### WHAT IS NEEDED:
Reproduce the material below only from the line with "Personalized Upload Your" to the line with "仰韶文化的鱼纹图案非常的著名", both included, keeping each line exact and dropping the pictures.

### MATERIAL FOR THE TASK:
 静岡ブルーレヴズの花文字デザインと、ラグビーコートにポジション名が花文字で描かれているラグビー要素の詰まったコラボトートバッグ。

---

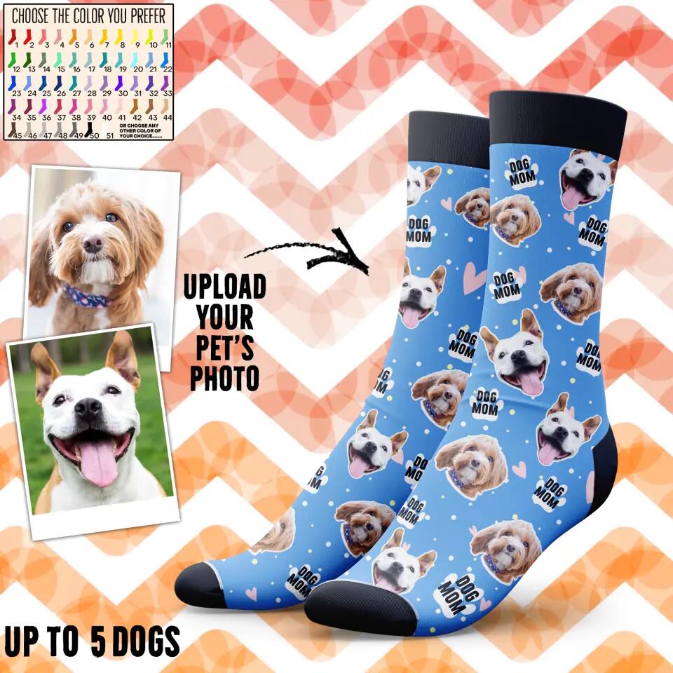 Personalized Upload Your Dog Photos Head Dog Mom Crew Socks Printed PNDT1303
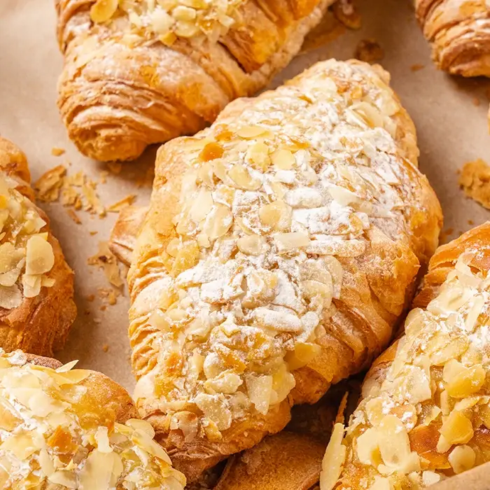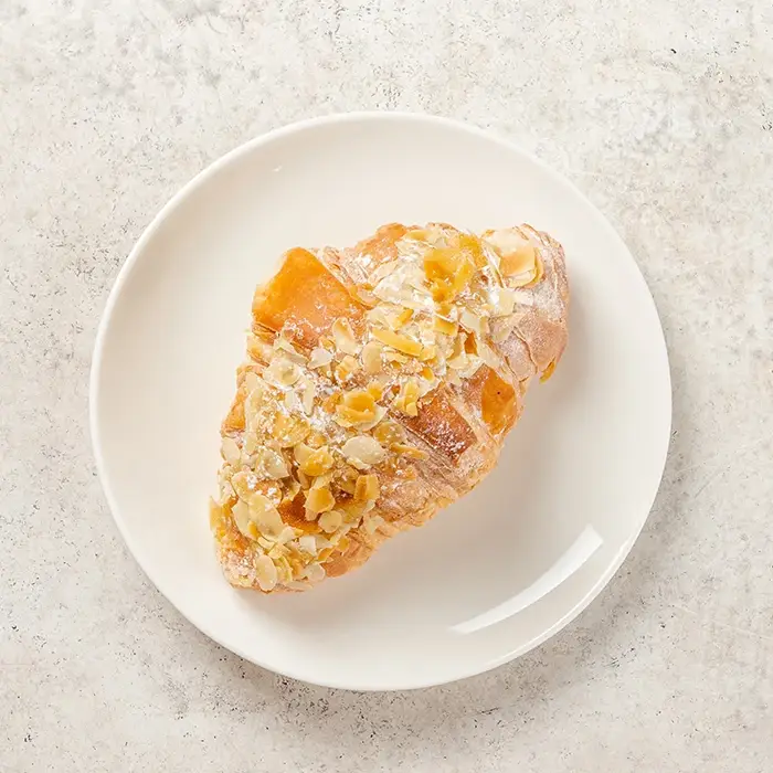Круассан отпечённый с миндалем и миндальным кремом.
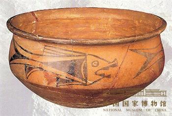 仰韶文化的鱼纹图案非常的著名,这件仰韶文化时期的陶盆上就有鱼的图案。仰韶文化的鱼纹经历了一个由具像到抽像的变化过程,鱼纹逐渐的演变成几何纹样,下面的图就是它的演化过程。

### OUTPUT FOR THIS EXERCISE:
 Personalized Upload Your Dog Photos Head Dog Mom Crew Socks Printed PNDT1303
Круассан отпечённый с миндалем и миндальным кремом.
 仰韶文化的鱼纹图案非常的著名,这件仰韶文化时期的陶盆上就有鱼的图案。仰韶文化的鱼纹经历了一个由具像到抽像的变化过程,鱼纹逐渐的演变成几何纹样,下面的图就是它的演化过程。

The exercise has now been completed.